# Technology that can help you reach your goals.



## RDY2SRV12 (3 May 2012)

Over the years a lot has changed when it comes to physical fitness. One thing that has not changed is the constant introduction of the latest and greatest gadget to help you reach your goals. Some are good, some are, well, useless. In my quest to get back to my optimum healthy weight I have come across a few things that have actually worked, and few that have not. I started this topic to share my experience, and hopefully hear from others on what worked for them, and what did not.

When it comes to the latest tech "apps" are all the rage. When it comes to health and fitness, indeed, there is an "app" for that.

About 3 months ago I came across an "app" called _My Fitness Pa_l, which is a free download on smart phones.
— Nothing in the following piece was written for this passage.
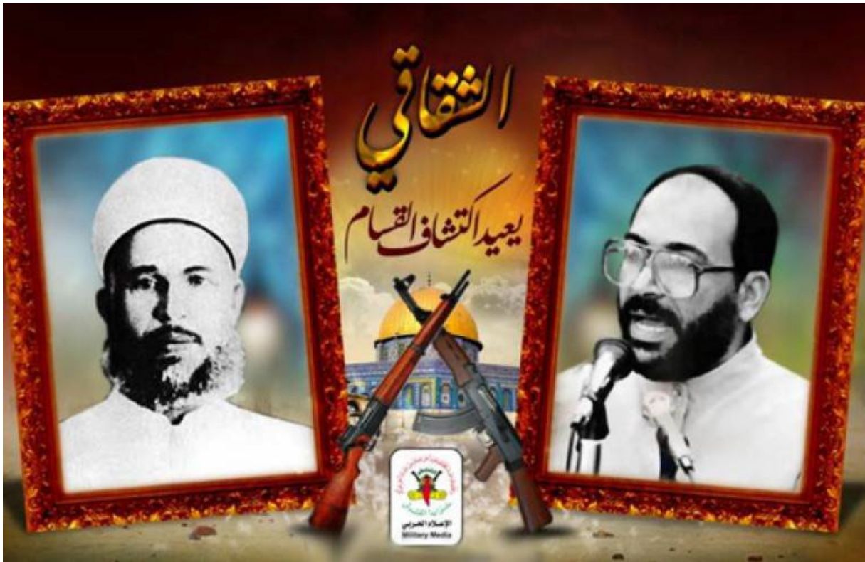
4 al-Qassām et Shiqāqī (fondateur du MJIP) 660

Let me tell you this is much more than a calorie counter. Some of the features are;

*Tracking everything you eat and automatically tabulating all nutritional values* - gone are the days of carrying around a pad and pencil to count your calories then spending time adding it all up, this baby does all the work for you.

*Instant addition of food items and meal memory* - Scan the barcode from the foodstuff that you are adding to your meal and it is instantly added to your database, and is there the next time you eat that item.

*Create custom meals and recipes* - Have a favorite recipe? add up the ingredients, scan them as above, divide into portion sizes and save it in your database, next time you make that healthy lasagna just tap it on your screen and it is counted, too easy.

*Track your workouts and weight progression* - Forgot what muscle groups you did yesterday? No problem pull up yesterdays work out in the exercise menu. You can track each exercise you did, reps, sets, weight. Cardio instantly accounts for calorie burn in your available calorie intake counter, over eating will never be an issue again.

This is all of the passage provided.